Professor Mitch Dowsett, FMedSci, PhD, is Head of the Academic Department of Biochemistry and Head of the Centre for Molecular Pathology at the Royal Marsden Hospital; Professor of Biochemical Endocrinology at the Institute of Cancer Research; and Professor of Translational Research in the Breakthrough Breast Cancer Centre, London.
Professor Dowsett’s research focuses almost exclusively on breast cancer and predominantly on hormonal aspects of the disease and biomarkers of response with a research team of about 24 investigators. He was closely involved with the clinical development of aromatase inhibitors and in the creation of national and international standards for steroid receptor and HER2 analysis (ASCO/CAP Guidelines Steering Committees). He co-chairs the International Working Party for Ki67 in Breast Cancer. He was the founding chairman of the UK NCRI Translational Research (subsequently Biomarker and Imaging) Clinical Study Group. In 2004 he founded and continues to chair the Aromatase Inhibitor Overview Group.

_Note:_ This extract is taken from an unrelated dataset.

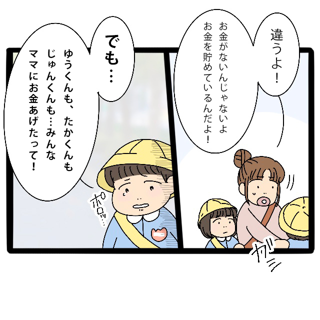 私はそらの肩をガシッと掴み「違うよ!お金がないんじゃないよ、お金を貯めているんだよ!」と言います。嫌な思いをしたのか、そらは涙をポロポロとこぼしながら「でも・・・ゆうくんも、たかくんも、じゅんくんも・・・みんなママにお金をあげたって!」とつぶやきました。
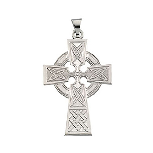 Polished 14kt white gold celtic cross pendant. Dimensions: 33mm x 23mm. This item is slightly larger than a half dollar. Fits up to a 3mm wide chain. Weighs 4.08 grams. Please note: weight is approximate, actual weight may vary. Chain not included.

He has authored nearly 600 published papers related to breast cancer, and given numerous named lectures including the 2007 William L McGuire Memorial Lecture. He recently rotated off the Executive Board of the Breast International Group (BIG) after seven years, and sits on the Executive/Steering Committees of several clinical trials. He has been a NCRI Senior Clinical Investigator since 2009. In 2013 he was appointed as a Fellow of the Academy of Medical Sciences.